I like these a lot more then the next model down in Casio's line up with similar features. That one is HUGE.

Take Care,
mtbkndad :wave:


----------



## Wingerr (Jun 1, 2006)

This is one I recently got- not a Waveceptor though-







*CASIO PROTREK PRG-60T-7AVDR*

I also have a older Casio triple sensor without the solar power and analog hands, which I mainly didn't like because of the rubber strap. It closed up in a near circle; no contouring for the shape of the wrist, so it would just rotate around unless I cinched it up tight. The titanium one is much better.
Only problem with the new one is that they cheaped out on the barometer history function; they cut down severely on the resolution of the pressure readings so that it only shows three distinct levels, making it useless for seeing the trend. With the old one, it clearly showed the direction the barometric pressure was heading.

Casio seems to have a zillion models out there, but each one I've seen always seems to miss some feature I want. Haven't achieved perfection for me yet.


----------



## sflate (Jun 1, 2006)

It's funny that you posted this watch. I was just looking on Casio's site yesterday and decided I really want that exact model. It would replace a Casio waveceptor (atomic) from a couple of years ago. It is still great but doesn't have the compass or the solar power. At first the solar doesn't sound like a big deal since batteries are cheap and last a long time, but I found out after replacing the battery myself that once you open the case you lose a lot of the water resistance - unless you send it back to Casio to change the battery. I think the re-pressurize it before sealing it - or something like that. With the solar you should never have to open it up.

Can you post any details on the compass feature?
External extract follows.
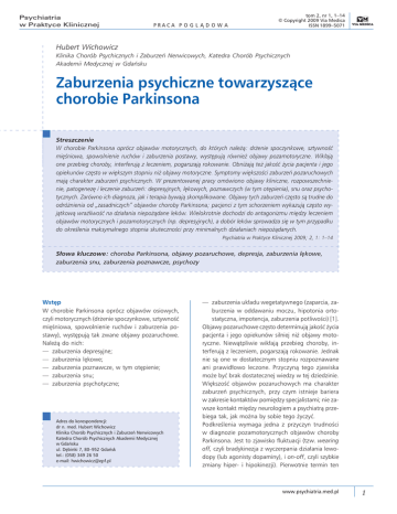 Psychiatria w Praktyce Klinicznej PRACA P O G L Ą D O W A tom 2, nr 1, 1–14 © Copyright 2009 Via Medica ISSN 1899–5071 Hubert Wichowicz Klinika Chorób Psychicznych i Zaburzeń Nerwicowych, Katedra Chorób Psychicznych Akademii Medycznej w Gdańsku Zaburzenia psychiczne towarzyszące chorobie Parkinsona Streszczenie W chorobie Parkinsona oprócz objawów motorycznych, do których należą: drżenie spoczynkowe, sztywność mięśniowa, spowolnienie ruchów i zaburzenia postawy, występują również objawy pozamotoryczne. Wikłają one przebieg choroby, interferują z leczeniem, pogarszają rokowanie. Obniżają też jakość życia pacjenta i jego opiekunów często w większym stopniu niż objawy motoryczne. Symptomy większości zaburzeń pozaruchowych mają charakter zaburzeń psychicznych. W prezentowanej pracy omówiono objawy kliniczne, rozpowszechnienie, patogenezę i leczenie zaburzeń: depresyjnych, lękowych, poznawczych (w tym otępienia), snu oraz psychotycznych. Zarówno ich diagnoza, jak i terapia bywają skomplikowane. Objawy tych zaburzeń często są trudne do odróżnienia od „zasadniczych” objawów choroby Parkinsona; pacjenci z tym schorzeniem wykazują często wyjątkową wrażliwość na działania niepożądane leków. Wielokrotnie dochodzi do antagonizmu między leczeniem objawów motorycznych i pozamotorycznych (np. depresyjnych), a dobór leków sprowadza się w tym przypadku do określenia maksymalnego stopnia skuteczności przy minimalnych działaniach niepożądanych. Psychiatria w Praktyce Klinicznej 2009; 2, 1: 1–14 Słowa kluczowe: choroba Parkinsona, objawy pozaruchowe, depresja, zaburzenia lękowe, zaburzenia snu, zaburzenia poznawcze, psychozy Wstęp W chorobie Parkinsona oprócz objawów osiowych, czyli motorycznych (drżenie spoczynkowe, sztywność mięśniowa, spowolnienie ruchów i zaburzenia postawy), występują tak zwane objawy pozaruchowe. Należą do nich: — zaburzenia depresyjne; — zaburzenia lękowe; — zaburzenia poznawcze, w tym otępienie; — zaburzenia snu; — zaburzenia psychotyczne; Adres do korespondencji: dr n. med. Hubert Wichowicz Klinika Chorób Psychicznych i Zaburzeń Nerwicowych Katedra Chorób Psychicznych Akademii Medycznej w Gdańsku ul. Dębinki 7, 80–952 Gdańsk tel.: (058) 349 26 50 e-mail: [email protected] — zaburzenia układu wegetatywnego (zaparcia, zaburzenia w oddawaniu moczu, hipotonia ortostatyczna, impotencja, zaburzenia potliwości) [1]. Objawy pozaruchowe często determinują jakość życia pacjenta i jego opiekunów silniej niż objawy motoryczne. Niewątpliwie wikłają przebieg choroby, interferują z leczeniem, pogarszają rokowanie. Jednak nie są one w dostatecznym stopniu rozpoznawane ani prawidłowo leczone. Przyczyną tego zjawiska może być brak dostatecznej wiedzy w tej dziedzinie. Większość objawów pozaruchowych ma charakter zaburzeń psychicznych, przy czym istnieje bariera w zakresie kontaktów pomiędzy specjalistami; nie zawsze kontakt między neurologiem a psychiatrą przebiega tak, jak można by sobie tego życzyć. Podkreślenia wymaga jedna z przyczyn trudności w diagnozie pozamotorycznych objawów choroby Parkinsona. Jest to zjawisko fluktuacji (tzw. wearing off, czyli bradykinezja z wyczerpania działania lewodopy (lub agonisty dopaminy), i on-off, czyli szybkie zmiany hiper- i hipokinezji). Pierwotnie termin ten www.psychiatria.med.pl 1 Psychiatria w Praktyce Klinicznej 2009, tom 2, nr 1 dotyczył stanu ruchowego; jednak z czasem coraz bardziej zaczęto podkreślać towarzyszące zmianom ruchowym również zmiany niektórych innych objawów pozaruchowych — przy fluktuacjach pojawiają się niejednokrotnie objawy lękowe lub depresyjne. Ustępują one całkowicie po przyjęciu kolejnej dawki leku. Może też się zdarzyć, że bezpośrednio po przyjęciu lewodopy (względnie agonistów dopaminy) nastrój chorego ulegnie znacznemu podwyższeniu. Już po 3 latach trwania choroby Parkinsona fluktuacje mogą wystąpić u 50% pacjentów [2]. Każdemu psychiatrze praktykowi znane są przypadki osób z zaburzeniami afektywnymi dwubiegunowymi, które w okresach podwyższonego nastroju negują obecność depresji w anamnezie i vice versa. Z podobną sytuacją, kiedy opis swojego stanu psychicznego zależy od aktualnego nastroju projektowanego na przeszłość, można mieć do czynienia również w przypadku zjawiska fluktuacji w chorobie Parkinsona. Jednak w tej sytuacji częstotliwość zmian nastroju chorego jest znacznie większa. Lekarz psychiatra może poprzez pominięcie tego zjawiska w czasie badania osoby z chorobą Parkinsona postawić mylną diagnozę, względnie zignorować objawy. Zawsze w czasie badania psychiatrycznego pacjenta z chorobą Parkinsona należy wypytać go o występowanie fluktuacji i ewentualnie — przy ich obecności — ustalić aktualną fazę sprawności motorycznej, a przynajmniej czas od zażycia ostatniej dawki leku przeciwparkinsonowskiego. Należy się wystrzegać porównywania stanu psychicznego pacjenta na przykład w fazie off z poprzednią wizytą w fazie on, aby nie dojść do fałszywych wniosków. Może się również okazać, że rzekoma depresja jest w gruncie rzeczy stanem pacjenta w fazie off, mijającym po leczeniu fluktuacji. Nie tylko diagnoza, ale również leczenie objawów psychiatrycznych w chorobie Parkinsona bywa niejednokrotnie trudne. Po pierwsze, pacjenci ci wykazują często wyjątkową wrażliwość na działania niepożądane leków (np. na działanie antycholinergiczne prowadzące w bardziej zaawansowanych stadiach do majaczenia). Po drugie, wielokrotnie dochodzi do pewnego antagonizmu pomiędzy leczeniem objawów motorycznych a pozamotorycznych (np. depresyjnych) i dobór leków sprowadza się do określenia maksymalnego stopnia skuteczności przy minimalnych działaniach niepożądanych. Po trzecie, osoby z chorobą Parkinsona to często pacjenci w podeszłym wieku, z wieloma schorzeniami towarzyszą

For example, can it constantly show the direction as you move around or is it one of those that only shows the direction when you press a button? If you then turn does the display change or do you have to update it by pressing a button again?


----------



## mtbkndad (Jun 1, 2006)

Attempted edit reposted so I deleted the first
:wave:


----------



## mtbkndad (Jun 1, 2006)

sflate,

The altimeter stays on all of the time in altimeter mode.
The manual says the following about the compass.

"A built-in bearing sensor detects magnetic north and indicates one of 16 directions on the display. Direction readings are performed in the Digital Compass Mode

...

About 2 seconds after pressing button A letters appear on the display to indicate the direction that the 12 o'clock position of the watch is pointing.
The direction reading on the display is updated each second for up to 20 seconds, after which measurement stops automatically.


...

Press button D to return to Timekeeping Mode."

What the manual does not say is that if you are very careful you can get the compass to register 1 degree changes in direction.

I also think the reason this Digital compass shuts of after 20 seconds is because it is a watch first and needs to be kept level to be used as a compass.
For my purposes 20 seconds is sufficient.
I generally leave the watch in altimeter mode when I am riding and watch mode the rest of the time.

The temperature sensor is nice but, the watch needs to be off the wearers wrist for greatest accuracy.
The opposite is true for the altimeter.

Take Care,
mtbkndad :wave:

PS. Regarding the Barometer graph funtion.
The Barometer takes readings every 2 hours and shows previous measurements for up to 30 hours
The graph has 8 steps to it.


----------



## SimplyJ (Jun 2, 2006)

I recieved my PAW-1200 with titanium band two days ago. I got mine from JCPenney's website under a free shipping deal. Total cost including tax was about $276. I'll try to post some pics tonight. I haven't had time to fully read the manual or play with the features yet. Here are some of my initial thoughts:

- It's big! About the size of a small stopwatch.
- Only the wristband is titanium. The band is labeled "BASE TITANIUM - MADE IN CHINA".
- The upper part of the case appears to be titanium-colored plastic. The caseback is stainless steel. I was disappointed by this, JCPenney's website specifically says titanium cover. I haven't tried to scratch the cover, but I base my observation on the feel and sound of the cover when I tap it. I also have an all titanium Bulova Marine Star. The feel and look of my Bulova case is very different from the PAW-1200. The "titanium" cover of the PAW-1200 also has visible mould lines around the buttons, I doubt a metal case would have these.
- The titanium bracelet is good quality, but it requires a professional watchmaker's tool to adjust it. Anyone know of a good place to buy one?
- Last night I was shocked to see a blank screen on my Pathfinder! But it turns out the watch has a power-save feature when it is not exposed to light for an extended period of time. It "wakes up" and becomes normal again when a button is pressed.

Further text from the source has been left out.